I remember thinking, “Yikes, these guys are just being nice, it’d never happen”. I talked it over with my girlfriend the next morning after arriving on the red-eye. Lots of words where thrown back and forth using with “it’s probably never going to happen, but…” We agreed I’d go along with the process, like the many other times I’d been approached by companies. It never worked out before, so I wasn’t going to make a big deal of it, or even think of it as anything but a remote possibility.

Then came the phone interview… I always hated these things, they’re worse than face to face interviews because you can’t see the other person expressions. Are you talking to in-depth? Not in-depth enough? Does this person just not believe you? It’s just hard sometimes to gauge peoples reactions without being in the same room. I remember walking away from the phone interview thinking, “Damn… That either really sucked, or went really well.” Luckily, it went well and I got an email asking if I could come out to San Francisco for an interview. This is when everything really started to him me, could I really be getting the dream job I’ve always wanted?

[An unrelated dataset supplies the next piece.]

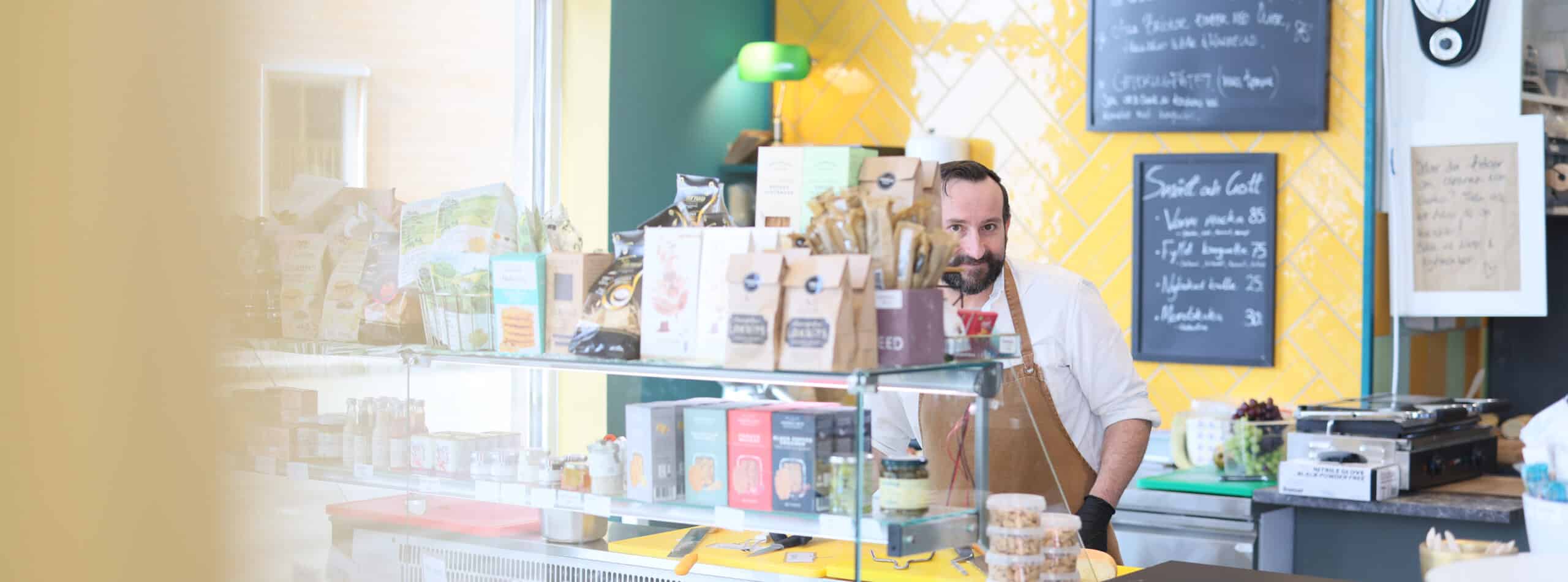 Marguerites charkuteri och delikatessbutik i bottenplan i ett av de nybyggda husen i Lillängshamnen.

To shorten this post, since I’ve already babbled along for too long - I came in for the interview and ended up doing well. Some of the most interesting interview questions I’ve ever heard where asked, like “How would you exploit this code?” from Anthony Lineberry. After the interview, I actually ended up getting an offer that blew my mind away. It was settled, there was no question in my mind that I wanted this job. My family kept reminding me, sometimes your favorite hobby isn’t the best job… Thank god that didn’t hold true :)

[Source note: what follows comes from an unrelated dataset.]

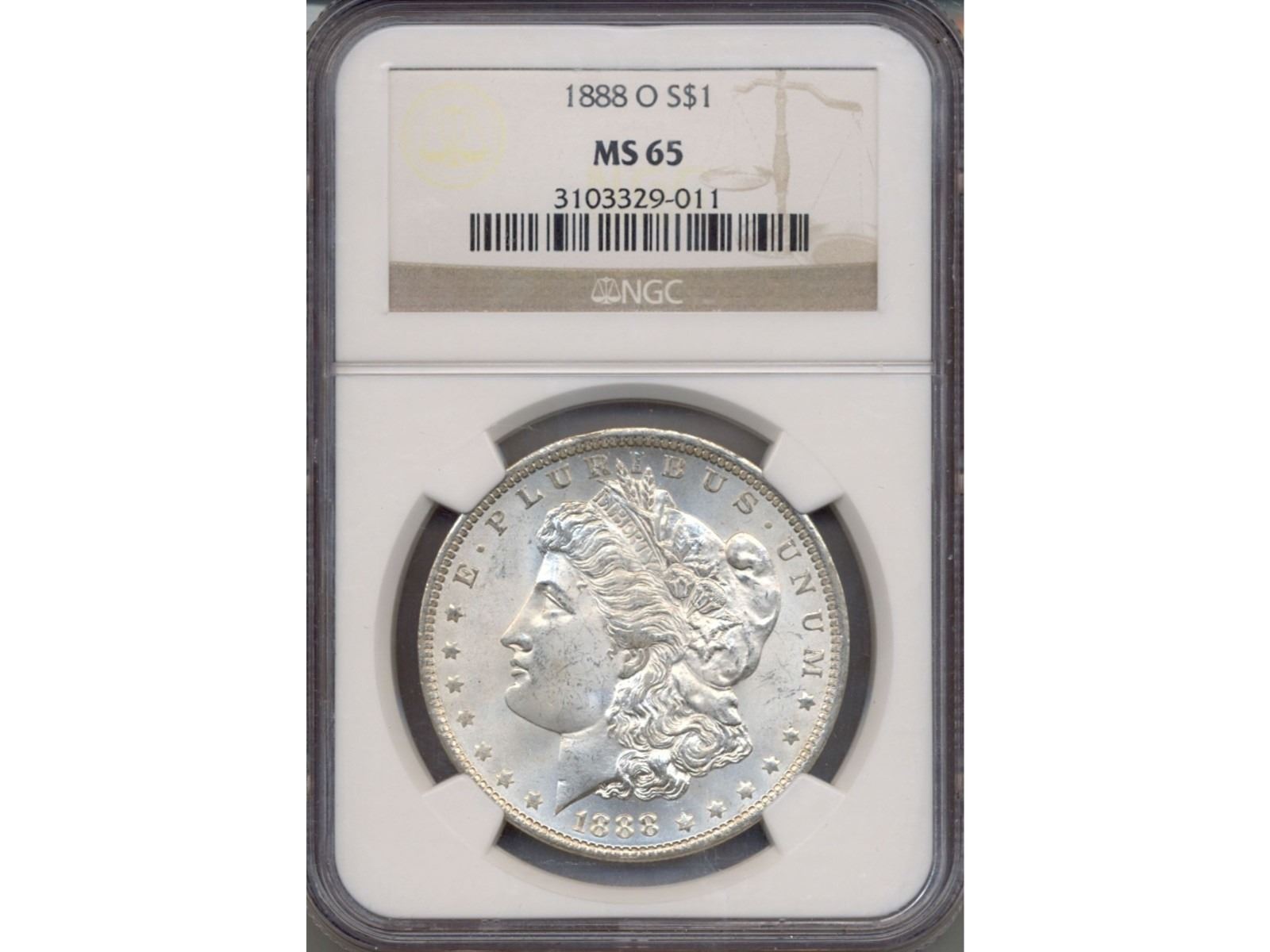 One 1888-O $1 Morgan Silver Dollar Coin NGC MS65.

So I up and moved to San Francisco, got an awesome apartment with some killer roommates. Now i’ve been a part of the Lookout Mobile Security team for almost a month now. Officially I’m a “Security Response Engineer” (I know, that’s bad ass, never thought I’d have that title..) and getting to learn more and do more thing with Android and other mobile systems than I thought I’d get too. I know get to do for work, what I did in my off hours, it’s quiet possibly the greatest adventure I’ve gotten a chance to take on yet. In the short time I’ve been here I got to even goto Defcon for my first hacker convention. I got to take in tons of great talks with many smart people, and even help with some of my coworkers presentations; “App Attack: Surviving the mobile application explosion”, “These aren’t the permissions you’re looking for”.

Anyway, just figured I’d use this as a kick off post as I get back into the gear with blogging again. For now though, I’m going to get back to doing my part with this awesome team in keeping mobile safe and developers smart.